E, veja, falo isto levando em conta que uma boa parte dos advogados brasileiros fez faculdades de direito que eventualmente explicaram em algum momento o que significa princípio da legalidade, obediência à lei e devido processo legal. Ensino jurídico que sempre chancelou o papel de elite que os advogados deveriam representar na condução de seu país para a civilização constitucional.
Por necessidades funcionais e por orientação de formação, os advogados deveriam, em linha de frente, resistir ao processo de fragilização de garantias processuais constitucionalizadas – processo este escamoteado dentro das “medidas anti-corrupção”, defendidas como se fossem os dez mandamentos bíblicos do MPF.
Este papel de subordinação servil que a OAB hoje se presta em relação a instituições – ou parcelas de instituições – que são muito mais torpes em seus objetivos subversivos da ordem democrática, já entrou para a história dos fatos que geram profunda vergonha alheia.
A coisa boa deste lamentável episódio é que uma parte significativa e cada vez mais publicizada de advogados e advogadas por todo o Brasil se manifesta contrariamente à posição de seu presidente, ou seja, se manifesta contra o impeachment.

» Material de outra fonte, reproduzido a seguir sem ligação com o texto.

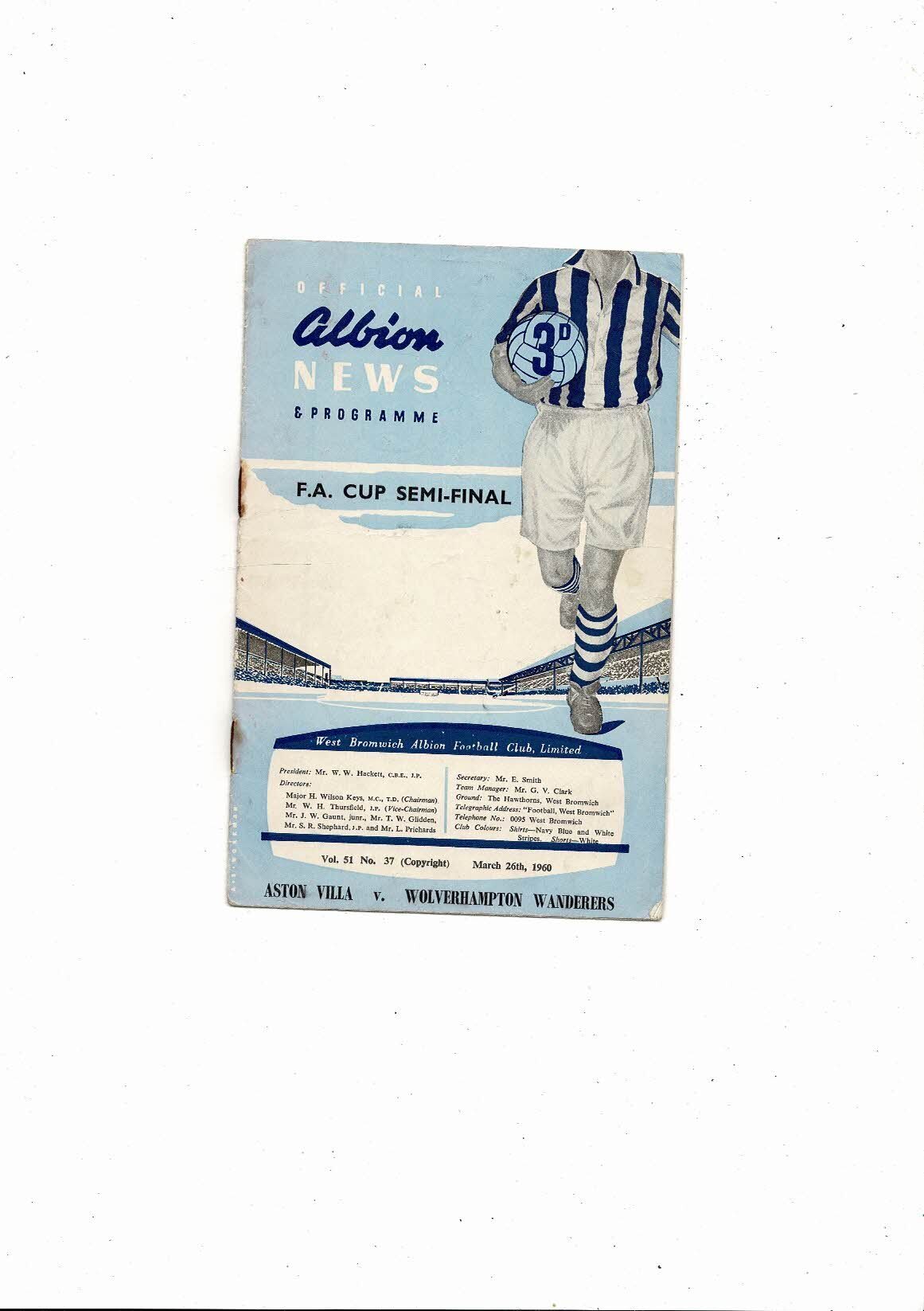 1960 Aston Villa v Wolves FA Cup Semi Final Football Programme @ WBA
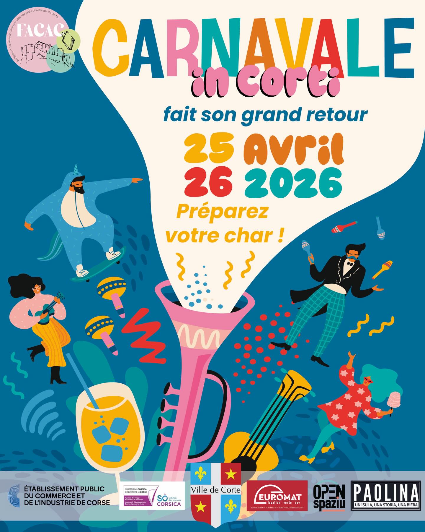 U Carnavale in Corti torna per una nuova edizione il 25 e 26 aprile. Venite a partecipare ai festeggiamenti con costumi sfolgoranti, sfilate colorate, un'atmosfera festosa, musica dal vivo, pupazzi giganti e carri magnificamente decorati! Programma : Sabato 26 aprile: corso paoli pièton. Domenica 27 aprile: corso paoli pièton . Grande sfilata sul Cours Paoli.
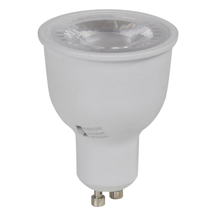 6W 240V globe, GU10 shape, with a 60° wide beam for better light projection. Tricolour switchable: choose between Warm White (3000K), Neutral White (4000K), or White (6500K) colour temperatures with the flick of a dip switch.
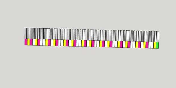 Sketchup fue utilizado una vez más el tamaño y forma de 52 teclas blancas el negro. Básicamente eran 4 figuras, como se muestra en la primera foto (color). Las teclas negras son simplemente rectangulares. Las claves sí son huecas para hacer la caja de luz. hoja de acrílico de 2mm fue cortada y había pegado entre las teclas.
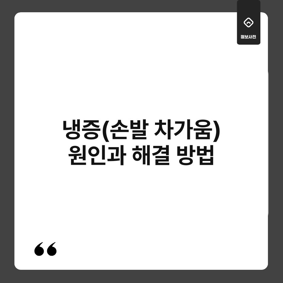 손발이 차가운 냉증, 누구나 한 번쯤 경험해 보셨을 겁니다. 특히 겨울철에는 더욱 심해지죠. 차가운 손발, 단순히 추위 때문이라고 생각할 수도 있지만, 그 이면에는 다양한 원인이 숨어 있습니다. 오늘은 이런 냉증의 원인과 해결 방법을 함께 살펴보도록 하겠습니다. 그러니 편안하게 읽어보세요!

Fazem a política que foram traçados a realizar: desde a fundação dos cursos de direito no Brasil, os advogados foram cevados para se tornar homens e mulheres de Estado, para ocuparem seu lugar na República. Para, em outros termos, fazer a grande política.
Pululam, desta forma, as manifestações de advogados isolados, de grupos de juristas e, inclusive, de representantes formais da Ordem que, vencidos no voto, mas hígidos em seus brios, lutam pela legalidade.

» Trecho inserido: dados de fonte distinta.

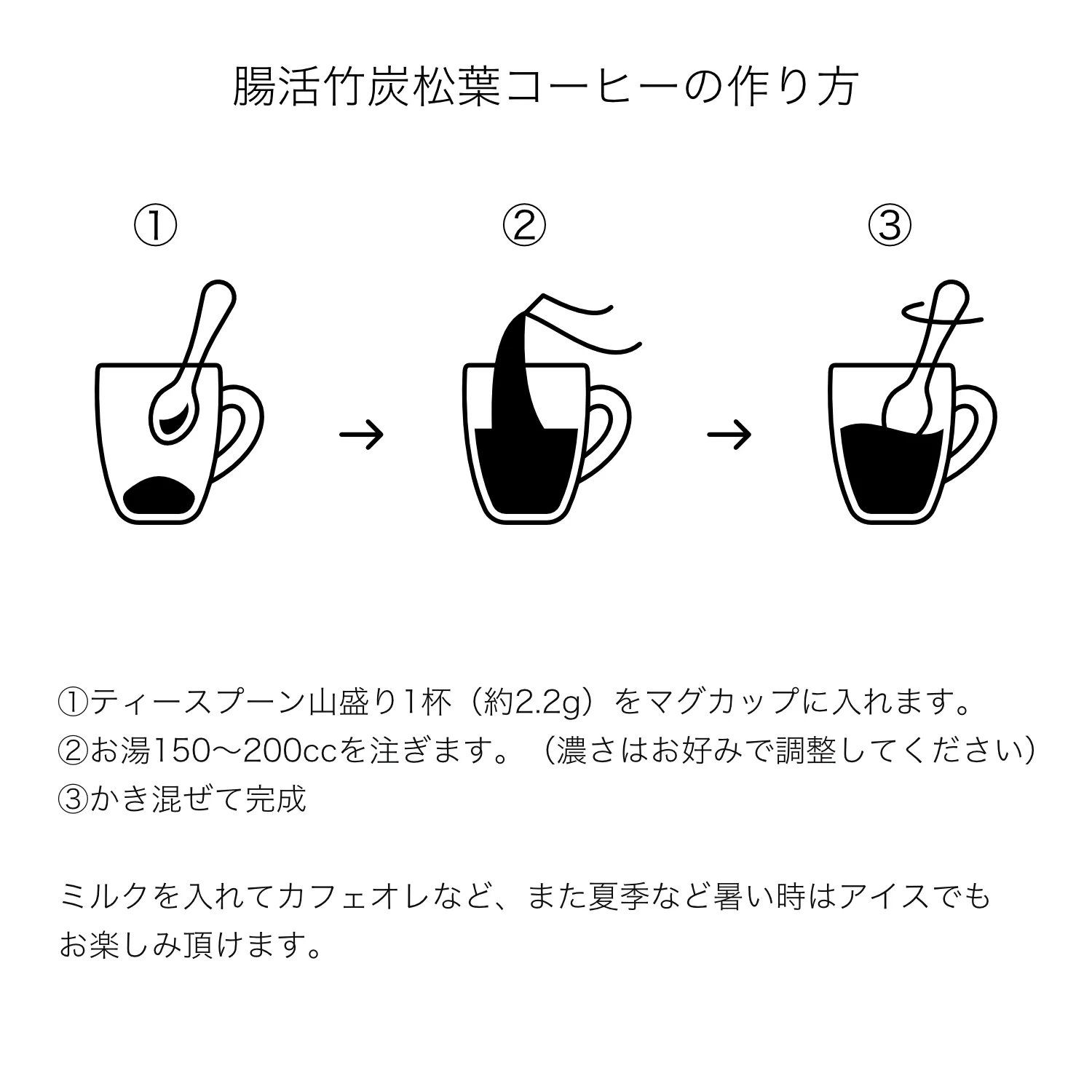原材料:インスタントコーヒー(カフェインレス)、松葉粉末、竹炭粉末
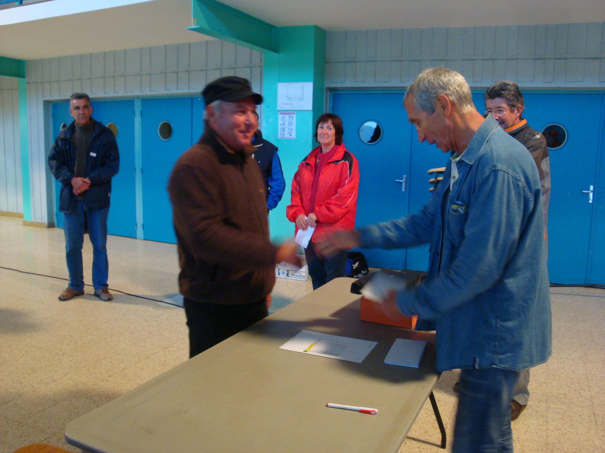 Nos boulistes les plus fidèles étaient présents, chaudement emmitouflés, leurs doigts gours serrant l’acier froid de la boule. Malgré la température frisquette et la bruine qui s’invitait parfois, tous sont parvenus au terme des 4 parties. Les plus constants ou plus chanceux se sont hissés aux premières places.
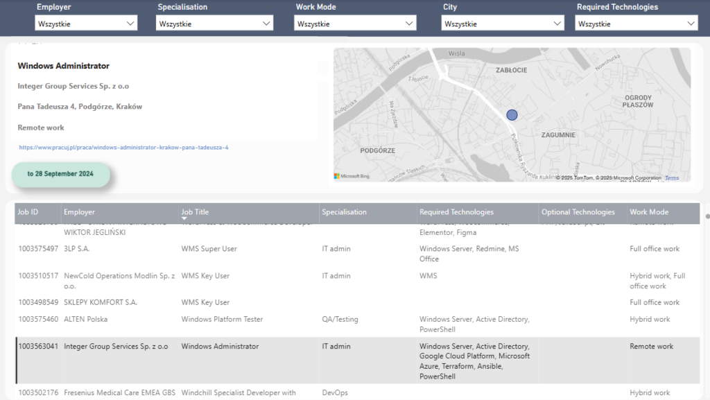 For each job URL, detailed information is extracted, such as job title, employer name, location, technologies, and publication date. The data is structured into a dictionary and saved to a CSV file for analysis.
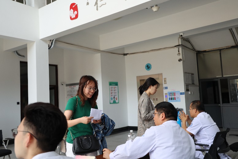 八点半开始,老师们陆续赶到现场,登记取号,在工作人员的安排下井然有序地进入大巴车内进行检查。发现问题的老师也会在现场向医生咨询,商议解决方案。
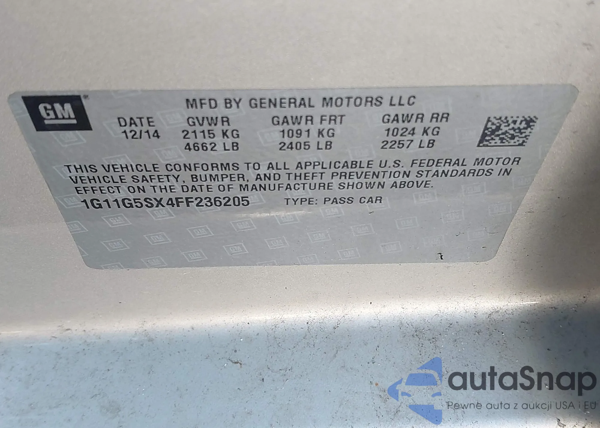 LOT: 43709329 VIN: 1G11G5SX4FF236205
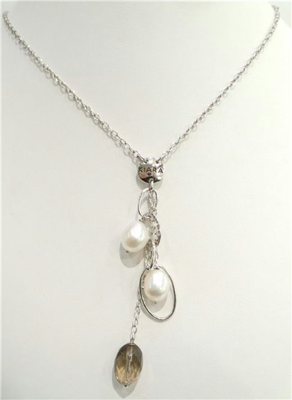 Collana in argento 925 misura lunghezza cm 49 e grappolo di pendenti in perle naturali di fiume e quarzo fume' sfaccettato. Chiusura con moschettone e pendente finale "da schiena". Marca Kiara.

Mas, olhando para o estrago feito pela OAB nacional, onde foi que a porca torceu o rabo? De onde surgiram este conselheiros medonhamente ignorantes da Constituição e da ordem jurídica de sua pátria? Talvez não tenha sido nem da corporativização de seus interesses, nem da precarização do ensino jurídico.
Talvez, como diz um colega jurista da universidade, tal débâcle advenha de uma razão cínica, da compreensão torta de que o mundo tenha se transformado num eterno “caô”, numa enganação constante, que faz perecer qualquer tentativa de se crer, por exemplo, que as instituições realizem o que dizem que realizam – o “caô” da necessidade de fixação da lei enquanto parâmetro civilizacional.
Se a mentira é geral e se a lei é relativa, por que funcionarmos através da verdade da Constituição? Por que não torcermos até a ruptura para alcançarmos, de novo cinicamente, nossos intentos egoísticos independentemente de parâmetros normativos?
A razão cínica que está dirigindo a OAB na direção da chancela do golpe é o mais profundo sintoma de que o individualismo do capital inflamou e está levando à infecção generalizada a nossa ideia de coisa pública.
O interesse bem compreendido deTocqueville sucumbe, aqui, a passos largos, às negociatas insondáveis que fizeram a Ordem rasgar a sua própria trajetória e chafurdar com a lama do golpismo. Mais uma vez, precisaremos de décadas para perdoar tamanha falta de responsabilidade. Ou quem sabe, advogados e advogadas corajosos, isolados de sua própria casa, consigam levar o seu nobre ofício à redenção, pela sua defesa intransigente da legalidade e da democracia. Fonte: Democracia e Conjuntura.